(Beginning of Data for the task)
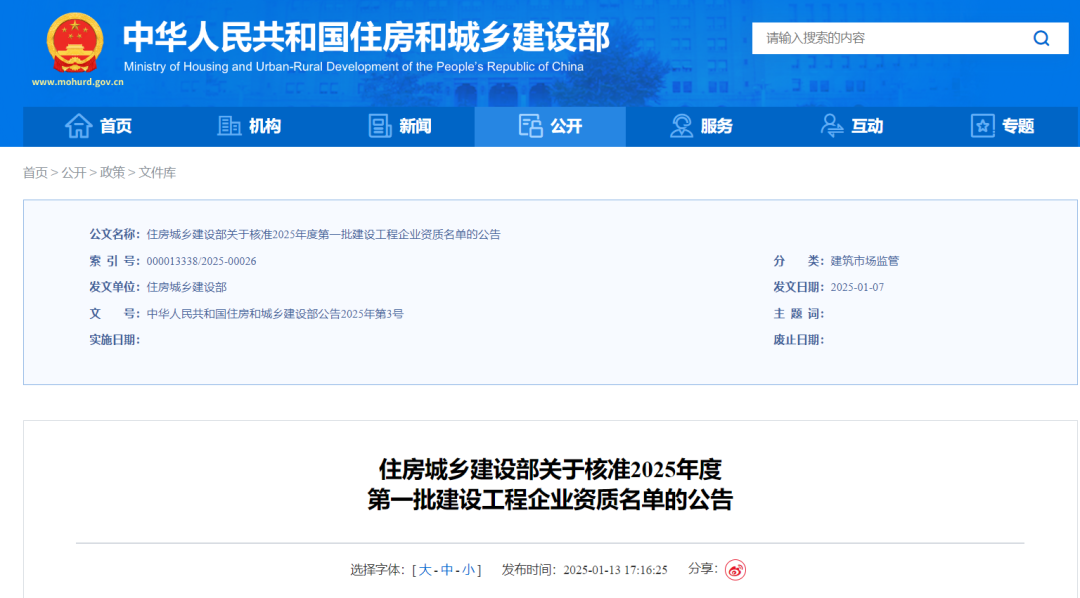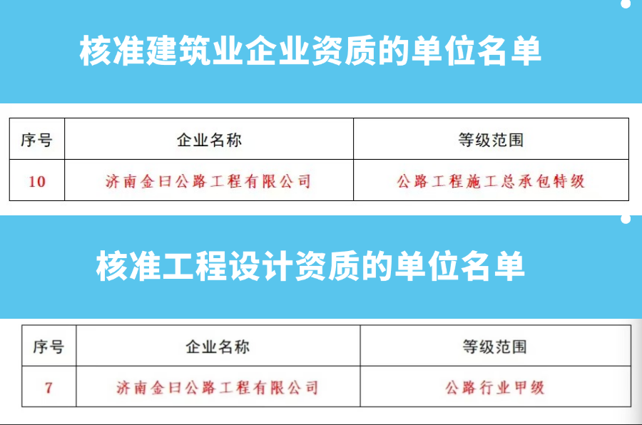 1月13日,住房和城乡建设部发布《住房城乡建设部关于核准2025年度第一批建设工程企业资质名单的公告》,ok138cn太阳集团古天乐所属济南金曰公路工程有限公司获评公路工程施工总承包特级资质和工程设计公路行业甲级资质。
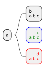 @startmindmap * a ** b\na b c <style> node { FontColor green HorizontalAlignment right LineColor blue } </style> ** c\na b c <style> node { FontColor red LineColor red } </style> ** d\na b c @endmindmap
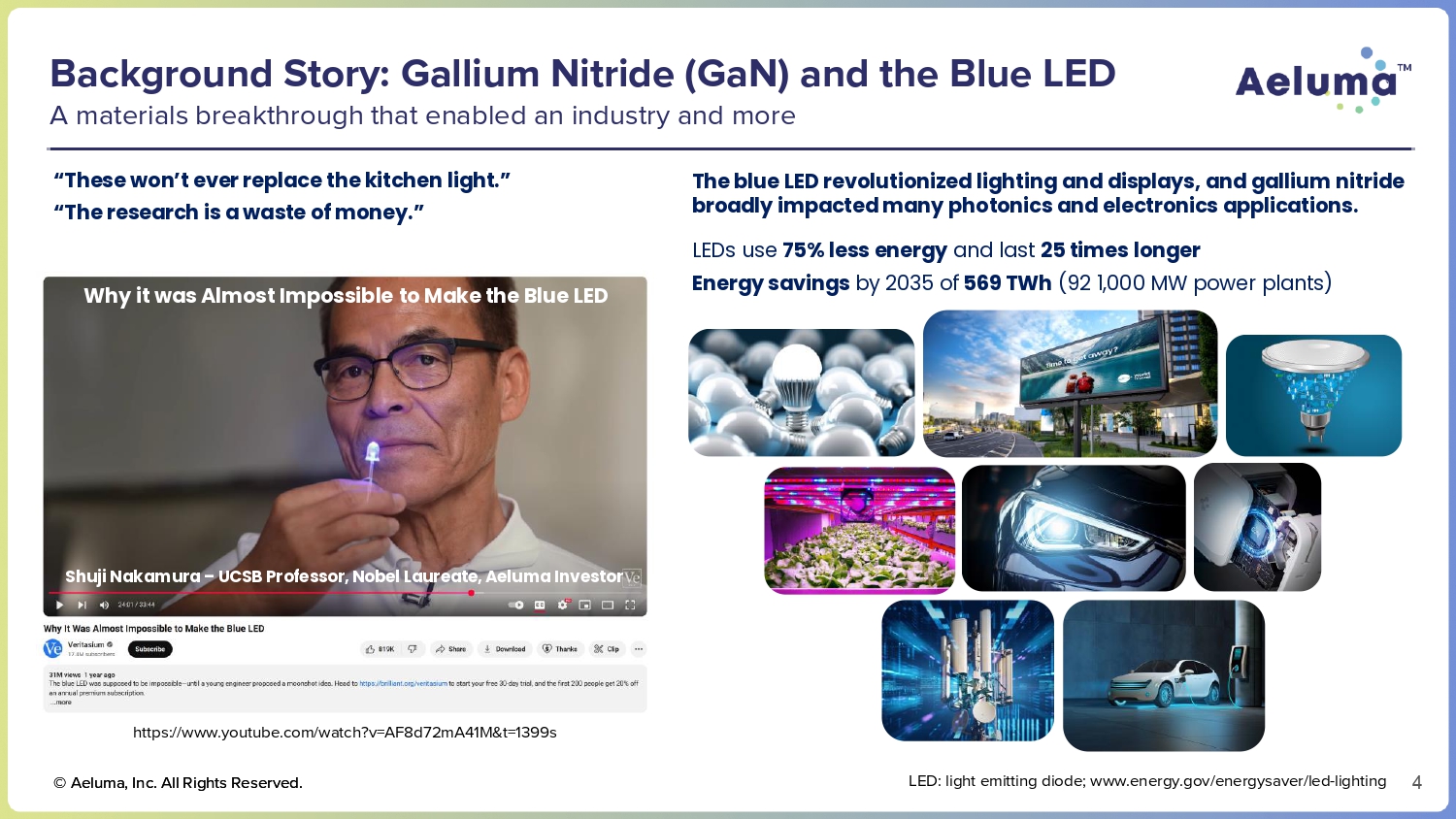 Background Story: Gallium Nitride (GaN) and the Blue LED A materials breakthrough that enabled an industry and more 4 LED: light emitting diode; www.energy.gov/energysaver/led - lighting https:// www.youtube.com/watch?v=AF8d72mA41M&t=1399s The blue LED revolutionized lighting and displays, and gallium nitride broadly impacted many photonics and electronics applications. LEDs use 75% less energy and last 25 times longer Energy savings by 2035 of 569 TWh (92 1,000 MW power plants) “These won’t ever replace the kitchen light.” “The research is a waste of money.” Why it was Almost Impossible to Make the Blue LED Shuji Nakamura – UCSB Professor, Nobel Laureate, Aeluma Investor © Aeluma, Inc. All Rights Reserved.
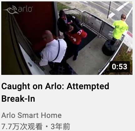 YouTube 视频记录了摄像头如何监测到疑似犯罪人员试图闯进居民家中的行为,并进行了及时报警,让警务人员能非常快速赶到现场,保证了居民的人身和财产安全。
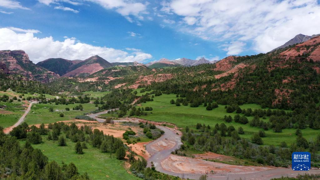 這是在青海省玉樹藏族自治州雜多縣境內(nèi)拍攝的昂賽大峽谷一角(6月29日攝,無人機(jī)照片)。新華社記者 張宏祥 攝
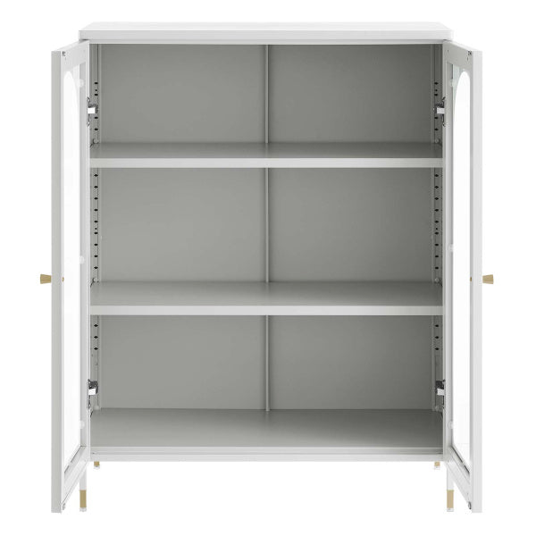 Crafted from powder-coated cold-rolled steel plates, this storage cabinet offers durability and modern appeal. The cabinet features two height-adjustable shelves, glass-front doors with arched details, and copper-plated zinc alloy handle pulls.
(End of Data for the task)
**Task goal**
Omit every picture while copying the listing above exactly.

**Output for this task**
 1月13日,住房和城乡建设部发布《住房城乡建设部关于核准2025年度第一批建设工程企业资质名单的公告》,ok138cn太阳集团古天乐所属济南金曰公路工程有限公司获评公路工程施工总承包特级资质和工程设计公路行业甲级资质。
 @startmindmap * a ** b\na b c <style> node { FontColor green HorizontalAlignment right LineColor blue } </style> ** c\na b c <style> node { FontColor red LineColor red } </style> ** d\na b c @endmindmap
 Background Story: Gallium Nitride (GaN) and the Blue LED A materials breakthrough that enabled an industry and more 4 LED: light emitting diode; www.energy.gov/energysaver/led - lighting https:// www.youtube.com/watch?v=AF8d72mA41M&t=1399s The blue LED revolutionized lighting and displays, and gallium nitride broadly impacted many photonics and electronics applications. LEDs use 75% less energy and last 25 times longer Energy savings by 2035 of 569 TWh (92 1,000 MW power plants) “These won’t ever replace the kitchen light.” “The research is a waste of money.” Why it was Almost Impossible to Make the Blue LED Shuji Nakamura – UCSB Professor, Nobel Laureate, Aeluma Investor © Aeluma, Inc. All Rights Reserved.
 YouTube 视频记录了摄像头如何监测到疑似犯罪人员试图闯进居民家中的行为,并进行了及时报警,让警务人员能非常快速赶到现场,保证了居民的人身和财产安全。
 這是在青海省玉樹藏族自治州雜多縣境內(nèi)拍攝的昂賽大峽谷一角(6月29日攝,無人機(jī)照片)。新華社記者 張宏祥 攝
 Crafted from powder-coated cold-rolled steel plates, this storage cabinet offers durability and modern appeal. The cabinet features two height-adjustable shelves, glass-front doors with arched details, and copper-plated zinc alloy handle pulls.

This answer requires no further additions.